Естественным стремлением любого автора является создание персонажей, достойных с легкостью стать «легендой». Казанова с блеском выполнил эту задачу, причем получилось так, что герой «Воспоминаний» сумел отбросить свою тень на самого писателя. Из-за такого неожиданного воздействия своего таланта Казанова считается второстепенным литератором. Но тем не менее его «Воспоминания» сильно выделяются на общем фоне своей емкостью и отбором событий на манер сказок или басен, где с безупречным искусством показаны все основные вехи жизни автора. Невольно восхищаешься живостью повествования «почти ни о чем», которое неспешно разворачивается и ведет нас прямо к цели, при этом ни на минуту не ослабляя напора ветра, что несет нас и заставляет двигаться вперед с поистине удивительной легкостью. При этом мы «вдыхаем» написанные строки полными легкими. Попробуйте прочесть «Воспоминания» вслух! Вы тут же ощутите, как вас охватило некое странное и приятное чувство; следуя за повествованием, вы не только зашагаете вровень с Казановой, но и обретете общее с ним дыхание. Вы почувствуете, что запятые всегда находятся в том месте, где этого требует голос.

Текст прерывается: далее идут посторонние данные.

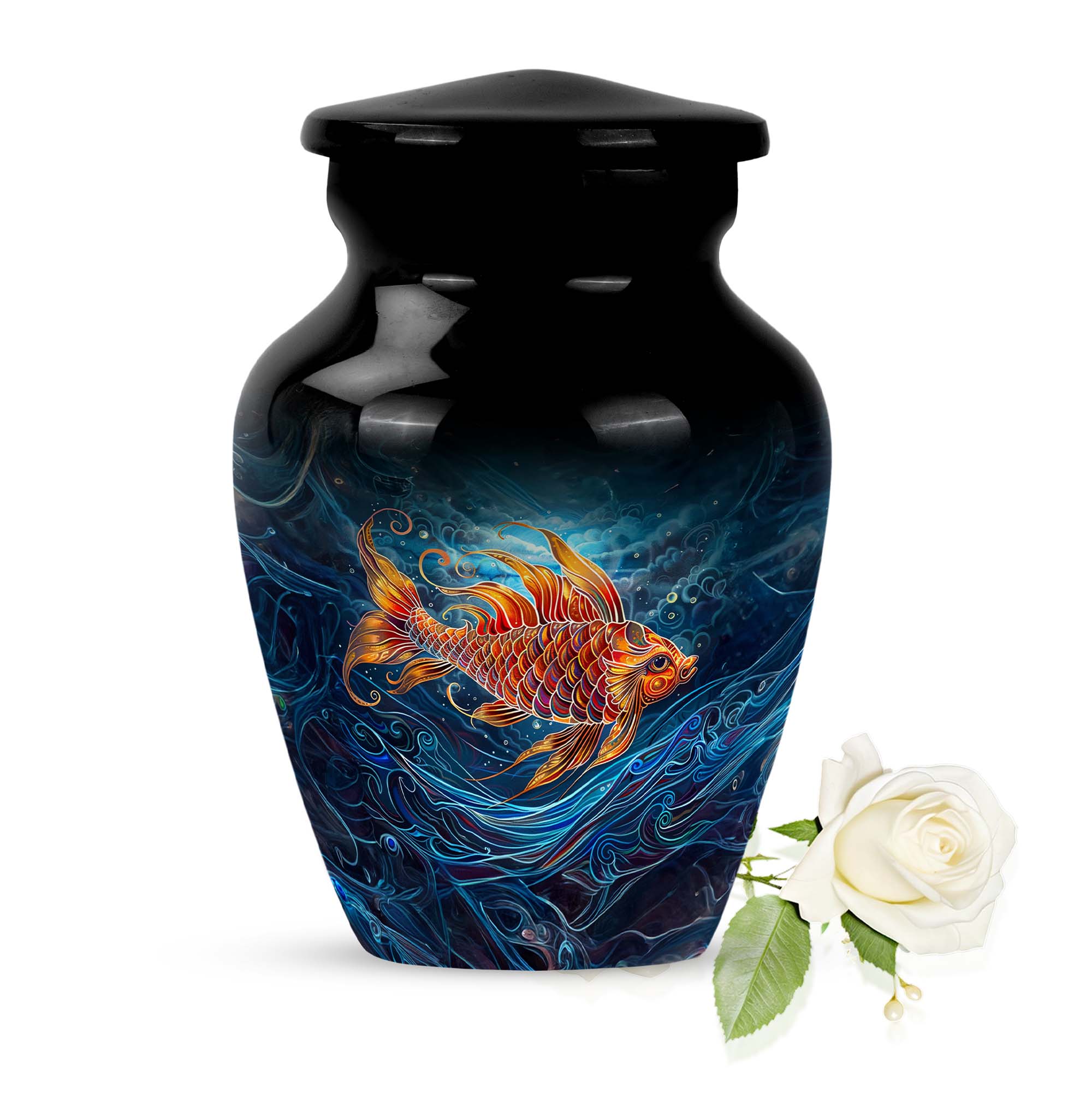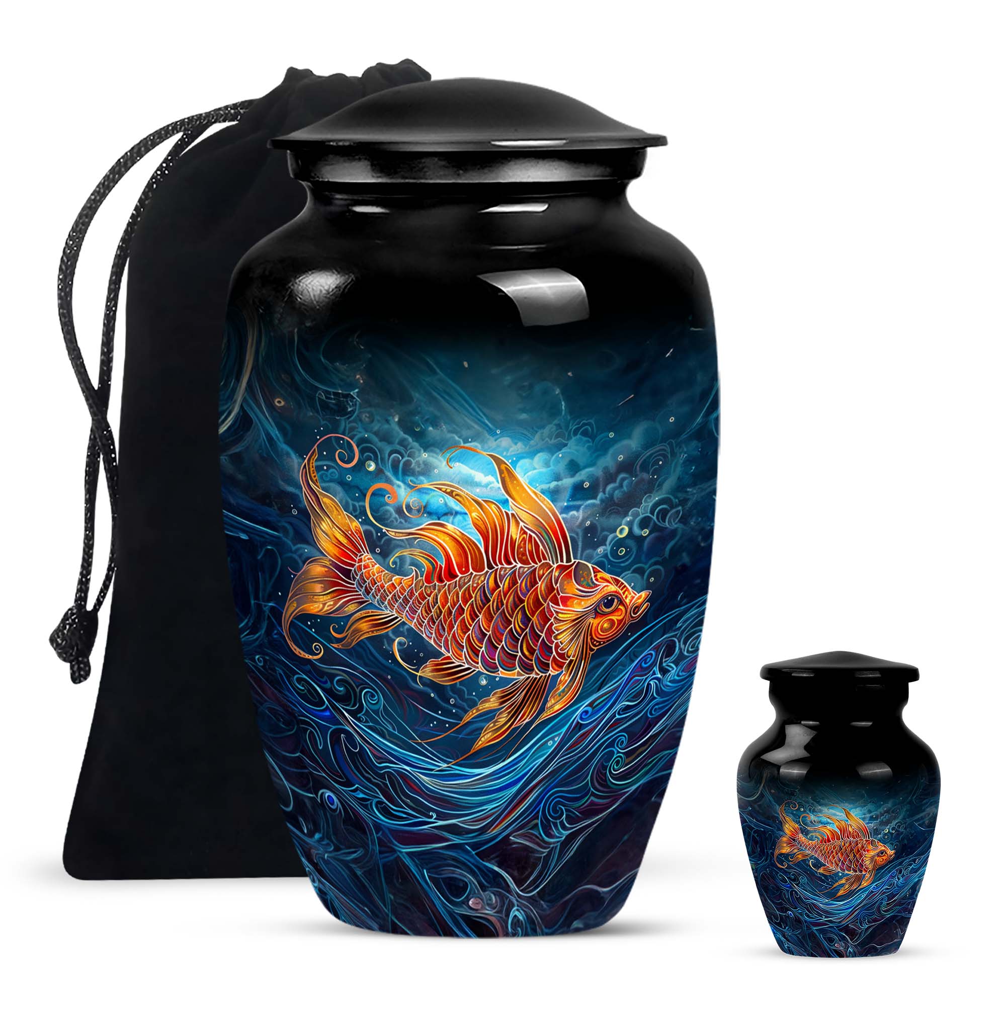 Experience a profound sense of peace and tranquility with this Classic 10-Inch Aluminium Fish Urn, an ideal tribute to your beloved, available under our Memorial Ceremony Supplies collection. Ideal for those in need of a cremation urn for dad or human urn for ashes, this urn carries a subtle abstract theme that discourses the depth of your emotions in a serene way. Weighing only 3.3 pounds, this large urn comfortably holds up to 200 cubic inches of ashes. Beyond just a cremation urn, it comes with a soft velvet pouch for respectful containment and transport of ashes. Customize this urn by engraving names to make it a more personalized memorial. When searching for 'fish urn' or 'burial ash urns for humans,' this high-quality aluminum artifact stands out due to its robustness and elegance. Do not just pay tribute; do it with love, attention, and dignity that transcends mortal boundaries.

И если сравнивать его книгу с деревом, то каждый новый параграф забрасывает вас точно на нужную ветку, не слишком высоко и не слишком низко, на которую вы, как белка, мягко приземляетесь с невесть откуда взявшейся ловкостью.
 
   Действие моего рассказа происходит в последний год жизни Джакомо, в мае и июне 1797 года. Из-за этого выбора мне пришлось подарить два дополнительных года жизни Жанне-Мари де Фонсколомб, которая, думаю, не рассердилась бы на меня за это, тем более что я так поступил исключительно для того, чтобы она смогла встретиться с Казановой в старости. Я постарался как можно деликатнее изобразить, каким стал ее возлюбленный, сделав ее почти слепой и тем самым помешав ей разглядеть следы, оставленные временем на лице Джакомо.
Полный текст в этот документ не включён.